/null-text-inversion

Primary LanguageJupyter NotebookApache License 2.0Apache-2.0

Null-Text Inversion for Editing Real Images

Null-text inversion enables intuitive text-based editing of real images with the Stable Diffusion model. We use an initial DDIM inversion as an anchor for our optimization which only tunes the null-text embedding used in classifier-free guidance.

teaser

Setup

This code was tested with Python 3.8, Pytorch 1.11 using pre-trained models through huggingface / diffusers. Specifically, we implemented our method over Latent Diffusion and Stable Diffusion. Additional required packages are listed in the requirements file. The code was tested on a Tesla V100 16GB but should work on other cards with at least 12GB VRAM.
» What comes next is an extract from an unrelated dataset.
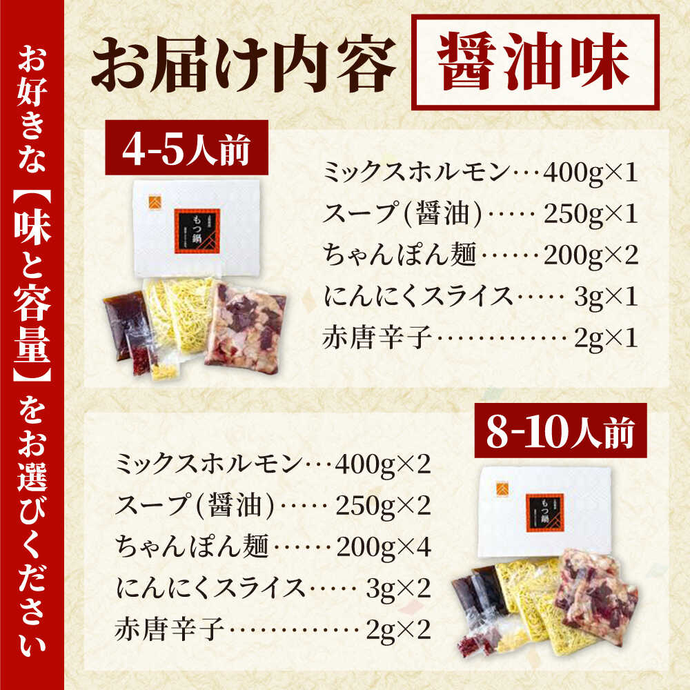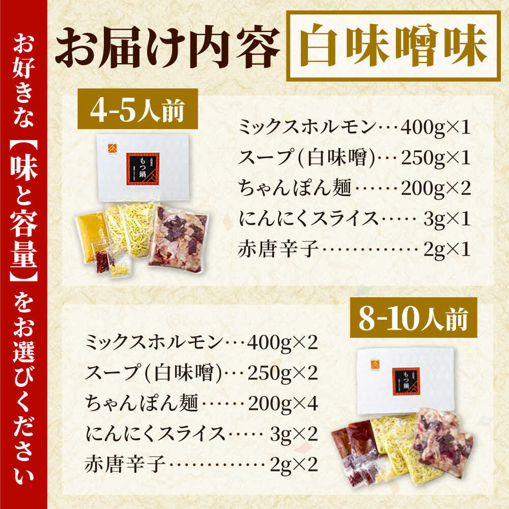 【ふるさと納税】「上田商店」工場直送 もつ鍋セット(白味噌/醤油・4-5人前/8-10人前) 吉富町/株式会社吉浦コーポレーション[BGAD059] もつ もつ鍋 もつ鍋セット 鍋セット モツ鍋 鍋 国産 牛モツ モツ ホルモン 取り寄せ スープ 博多 ふるさと納税 お土産

conda env create -f environment.yaml
conda activate null-text-inversion
pip install -r requirements.txt

Null-Text Inversion

python null_text_inversion.py --image /data3/chengyeh/DragDiffusion-Experiment/TEdBench/originals/bird/bird.png \
    --prompt "a photo of a bird" --device cuda:3 --output_dir /data3/chengyeh/DragDiffusion-Experiment/TEdBench/originals/bird/Null-Text-Inversion

This outputs the following files in --output_dir

  1. a results.png containing original image, image passed through AutoEncoder, and image inverted by Null-Text inversion.
  2. a uncond_embeddings.pth checkpoint containing optimized unconditional embeddings for all time steps.
  3. a args.json with all arguments used in this run.

Editing Real Images

Prompt-to-Prompt editing of real images by first using Null-text inversion is provided in this Notebooke.

@article{mokady2022null,
  title={Null-text Inversion for Editing Real Images using Guided Diffusion Models},
  author={Mokady, Ron and Hertz, Amir and Aberman, Kfir and Pritch, Yael and Cohen-Or, Daniel},
  journal={arXiv preprint arXiv:2211.09794},
  year={2022}
}

Disclaimer

This is not an officially supported Google product.